We are free to pursue whatever projects we like. I guess I went in assuming we would be receiving specific assignments, so I’ve had to think through possibilities. What I’ve realized is that I’m really interested in fasteners: devices that are used to keep a book closed, whether that’s a latch like on one of the Bibles I examined last summer, an elastic band like the one on my new little Moleskine notebook, or a cord like what’s attached to the Tibetan notebook I bought over a year ago. What appeals to me about these devices? Perhaps it’s the way in which they work against the familiar openess of books, acting as a kind of safeguard (even if only a symbolic one) against unauthorized uses.
I began to think, “What would it take to create an exact replica of one of these things?” Then I began to think, “What kinds of things did readers do with (or to) their books before they became so cheap and commonplace and before we had automated book production?” One of the above Bibles, for example, had been “hacked” at some point, by which I mean that someone took the traditionally bound Bible, split it in two, and then bound the two halves separately, but facing each other on a common backboard.

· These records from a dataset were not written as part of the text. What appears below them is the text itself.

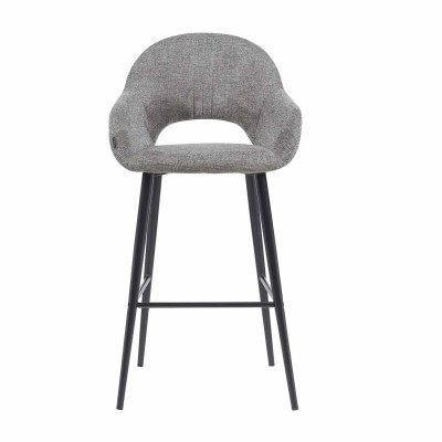 Grauer gepolsterter Stuhl. Textilsitz mit Innenausstattung sperrholz und schaum. Schwarze Metallbeine. Maßnahmen: Tiefe: 53 cm Breite: 53 cm Höhe: 103 cm
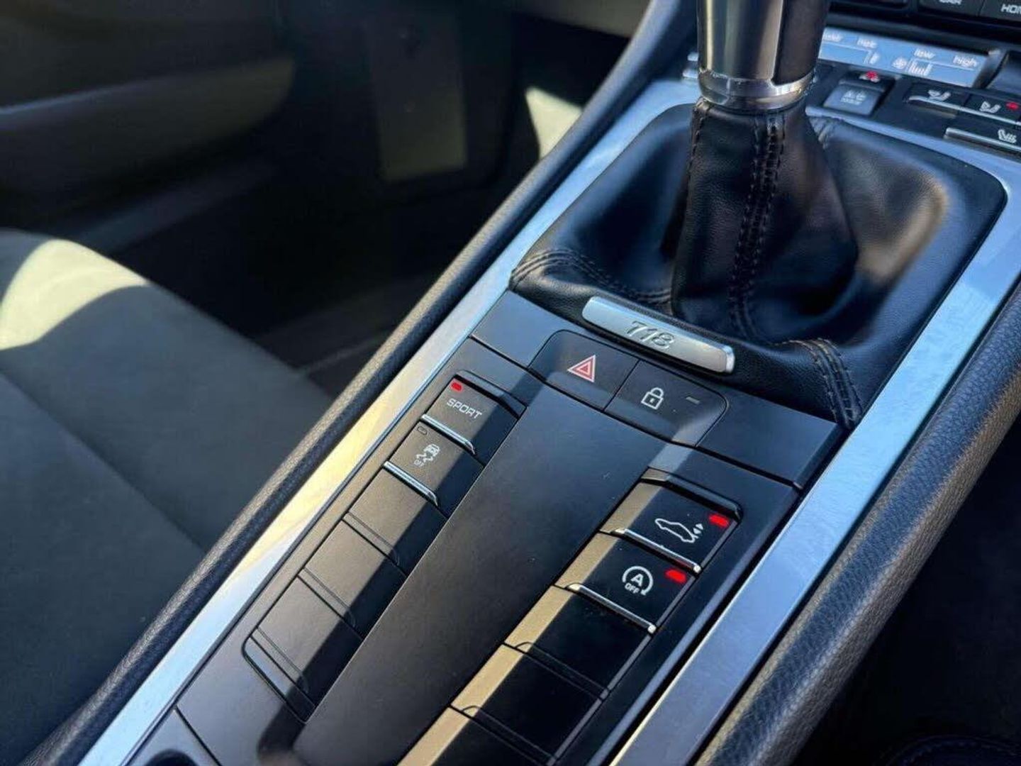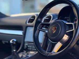 Features: 12-Volt Socket in Passenger Footwell,12-Volt Sockets in Passenger Footwell and Centre Console Storage Compartment,18in Alloy Wheels - Cayman,718 Logo on Gear lever,Adjustable Fan with Air Recirculation and Defroster Functions,Air Conditioning with Integrated Active Carbon Filter,Alarm System,Alarm System with Interior Surveillance,Anti-Theft Wheel Bolts,Ascending Centre Console with an Uncovered Storage Compartment and a Closed Storage Compartment,Automatic Deploying Rear Wing,Automatic Headlight Activation including Welcome Home Lighting,Automatically Extending Rear Spoiler,Bi-Xenon Headlights with Integrated LED Daytime Running Lights,Brake Calipers - Black,Clothes Hooks on Seat Backrests,Dashboard Trim Strips and Centre Console Trim in Silver Colour - High-Gloss,Digital Displays for Vehicle Speed - Chosen Gear - Odometer - Trip Odometer and Clock,Digital Displays for Vehicle Speed - Chosen Gear - Odometer -Trip Meter and Time,Digital Radio,Door Sill Guards - Model Designation Logo,Electric Windows with One-Touch Operation and Door Seal Protection Function,Electrically Adjustable Heated Exterior Mirrors on Door Waist Rails - Aspherical on Drivers Side,Electrically Controlled Parking Brake,Electromechanical Direct Steering with Variable Steering Ratio and Steering Pulse Generator,Elevated Centre Console with an Uncovered Storage Compartment and a Closed Storage Compartment,Engine Immobiliser with in-Key Transponder - Central Locking with Remote Control,Engine Water Cooled with Thermal Management,Floor Mats,Full Size Airbags for Driver and Front Passenger,Green Tinted Heat-Insulating Glass,Heated Rear Screen,Instrument Cluster with Central Rev Counter and High Resolution 4.6inch Colour Display,Instrument Dials and Rev Counter in Black,Integrated 4G-LTE Compatible SIM,Intelligent Lightweight in Aluminium-Steel-Composite Construction,LED Reading Lights - Orientation Lighting and Ignition Lock - Additionally Luggage Compartment and Glove Box Lighting,LED Reading Lights Orientation Ignition Lock - Additionally Luggage Compartment and Glove Compartment Lighting,LED Taillights and Integral 4-Point Brake Lights and Reversing Lights,Lightweight Spring-Strut Axle Front and Rear,Luggage Compartments at Front and Rear,Park Assist - Front and Rear,PCM - Porsche Communication Management - Include Navigation,PORSCHE Logo on Accent Strip and Model Designation on Rear Apron in Silver Colour - High Gloss,Porsche Side Impact Protection - POSIP,Porsche Stability Management - PSM with ABS with Advance Brake Functions,Remote Central Locking with Immobiliser,Roof Lining in Fabric,Seat Heating,Separate Auxiliary Lights in the Front End with LED Indicators and Position Lights,Side Air Intake with 2 Grilles in Black,Side Window Trims in Black,Smooth-Finish Leather on Steering Wheel Rim and Gear Lever,Sound Package Plus,SPORT Button to Activate Dynamic Driving Setting for Engine,Sports Seats with Electric Backrest Adjustment and Manual Fore-Aft and Height Adjustment,Sports Steering Wheel - Diameter 375mm with Manual Fore-Aft and Height Adjustment,Storage Compartment in Each Door,Twin-Tract Sports Exhaust System with Central Tailpipe in Stainless Steel,Two Individual Cup Holders - Integrated into Dashboard Trim Strip,Tyre Pressure Monitoring System - TPM,Wide Opening Rear Hatch with Heated Screen,Windscreen Washer System with Two Wiper Speeds and Washer Jets,Windscreen with Darker Grey Tint at the Top to Reduce Glare,Windscreen with Top-Tint,19in Alloy Wheels - Cayman S,Park Assist - Rear,ParkAssist - Front and Rear with Reversing Camera
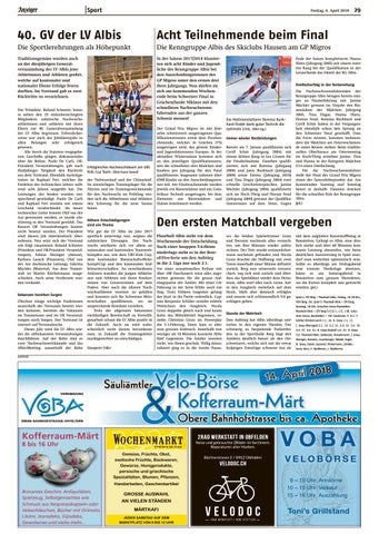 mit dem aalglatten Kunststoffbelag in Bonstetten. Gelingt es Albis, eine ähnlich starke und über 60 Minuten konstante Leistung abzurufen, wie beim deutlichen Auswärtssieg in Spiel zwei, darf man weiterhin optimistisch sein. Sollte es allerdings am Freitagabend eine erneute Niederlage absetzen, käme es am Sonntagabend in Bonstetten zum grossen Showdown, wo die Karten komplett neu gemischt würden. (pd.) Spiel 4: STV Berg – Floorball Albis, Freitag, 20.30 Uhr, MZH Berg. Evl. Spiel 5: Floorball Albis – STV Berg, Sonntag, 18 Uhr, Schachen Arena Bonstetten Floorball Albis – STV Berg 5:6 (2:1, 1:5, 2:0). Scha-

The result was a book half as thick but twice as wide. My guess is that this alteration was done to fit into a particular pocket or satchel.
Users of electronic devices frequently hack them to see what kinds of non-authorized uses they can get out of them. As digital rights management technology gets more and more sophisticated (and as laws are passed to outlaw bypassing DRM), such hacking becomes more and more appealing, frankly.

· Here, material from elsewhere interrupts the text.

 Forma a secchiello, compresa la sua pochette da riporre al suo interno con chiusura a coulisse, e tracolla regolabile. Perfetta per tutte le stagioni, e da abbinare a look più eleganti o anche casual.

Readers have long had the ability and inclination to alter their books, to make them say or do things other than what their creator intended. In some deep sense, this practice is perhaps a residue of oral culture, in which discourse exists only in conversation. Walter Ong calls writing “autonomous discourse” because it needs no interlocutor. In practice, however, we intervene in written discourse all the time, through writing marginal notes, underlining and highlighting key passages, and through altering the physical makeup of the book itself.
But how would history be different if the technology of the book had prevented such interventions? What if we were unable to try out new arrangements, to foreground different textual elements than those the author deemed most important?
Or to ask a question from a completely different angle: what elements of printed books might accurately be described (in a weird kind of back formation) as “analog rights management” features? How does the form of print seek to protect the integrity of the information it contains?